Vladimir Pecherin

Vladimir Sergeyvich Pecherin (Владимир Сергеевич Печерин) (27 June 1807 – 28 April 1885), was a controversial Russian political figure both in 19th-century Ireland and in Russia. A rebellious writer and Romantic lyricist poet that rejected despotism,[1] his writings in his autobiographical notes and in his letters to other Russians provide a historical context to the evolution of Russian intellectual thought of the 1860s and 1870s. Pecherin's writings present the Russian Zeitgeist[2] of the period artistically.

Father Vladimir Pecherin

Early years

Pecherin was born in the town of Velyka Dymerka in the Russian Empire (modern-day Ukraine) on 27 June 1807.[3] He was raised in the Russian Orthodox Church.[4]

Pecherin was attracted to the moral and religious ideology of Utopian Socialism. He entered Moscow University, as a student of classical languages, and he wrote manuscripts of poetry that circulated among his university companions. Pecherin was sent abroad for two years on a government scholarship to complete his education.

In 1835, after returning to Moscow University from his travels, even before completing his degree, Pecherin was appointed as Professor of Greek Language and antiquities.
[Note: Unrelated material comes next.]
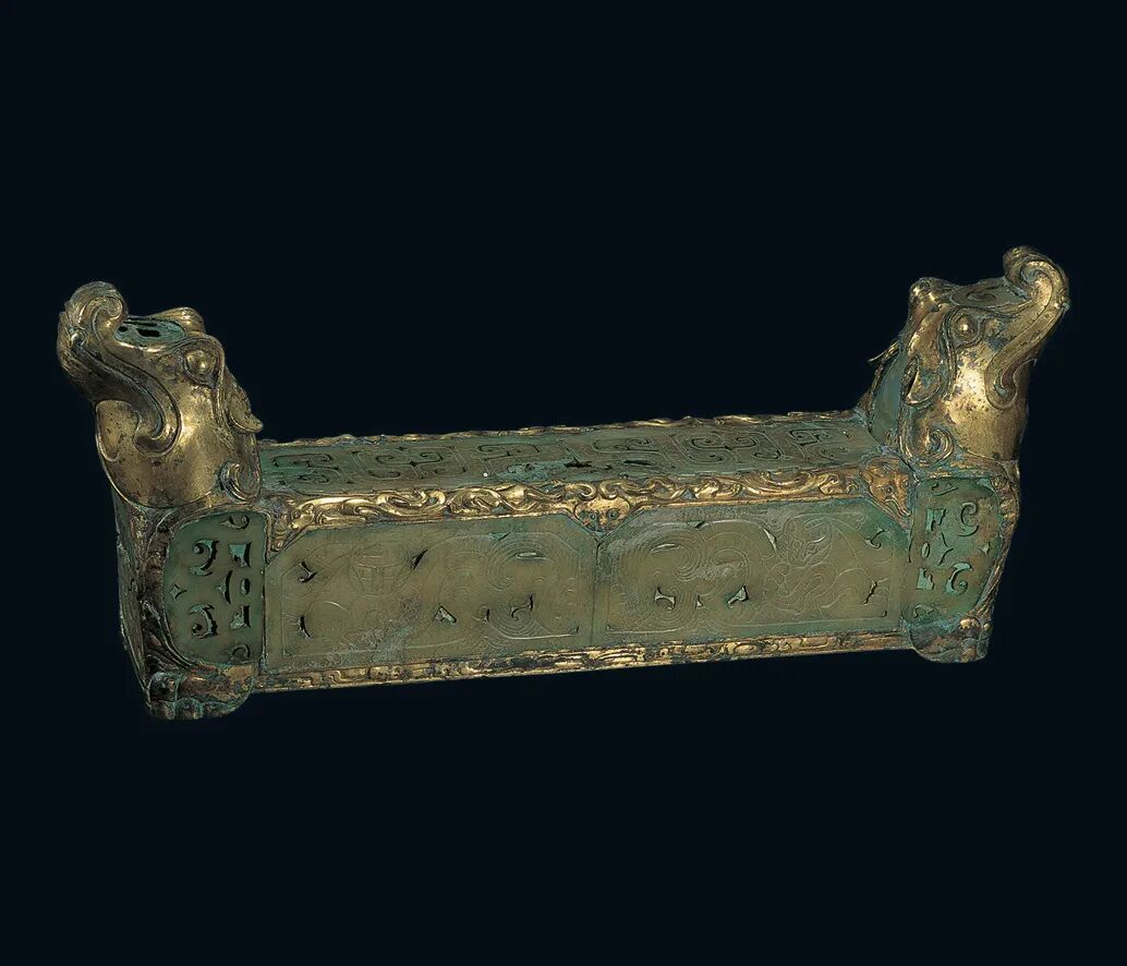 ↑西汉,嵌玉鎏金铜枕,满城汉墓出土

After one term, in 1836, he left Russia to pursue radical politics in Europe. In a letter explaining to the authorities, Pecherin stated that he would never return to a country among whose inhabitants it was impossible to find the imprint of their Creator. He is considered by some to have been the first Russian political emigrant.

Self-exile

In 1840, after four years of exploring Europe, at times reduced to complete poverty, Pecherin unexpectedly converted to Catholicism and became a member of the Redemptorists whose mission was to work among the poor. He lived in a monastery in Clapham, near London and later in Ireland.

In 1855, he was the last person to be tried for blasphemy in Ireland.[5] The trial, which was a major public event, took place at Kingston (now Dún Laoghaire) for allegedly burning Protestant Bibles with many works of immoral literature on Guy Fawkes Day. Despite many witnesses, the case was not proven and Pecherin's acquittal was raucously celebrated by his followers.

Later life

In 1862, after 20 years of service as a missionary, Pecherin left the Redemptorists. He spent the last 23 years of his life serving as a chaplain at the Mater Hospital in Dublin, Ireland. During his time in Dublin, he wrote his memoirs, Apologia pro vita mea (Notes from Beyond the Tomb). His memoirs were so controversial, critical of both the Russian government and the Catholic Church of the time, that they were not published in Russia until a hundred years after his death. They contain an account of his experiences in Europe, particularly in Belgium, after leaving Russia, and his fight against poverty.

Pecherin died in Dublin on 29 April 1885.

Quotes

  • "How sweet it is to hate one's native land and avidly desire its ruin - and in its ruin to discern the dawn of universal rebirth."
  • Pecherin's philosophy influenced Fyodor Dostoevsky and it is believed that Dostoevsky's anti-materialist "one secluded thinker" in The Idiot is an allusion to Pecherin.[6]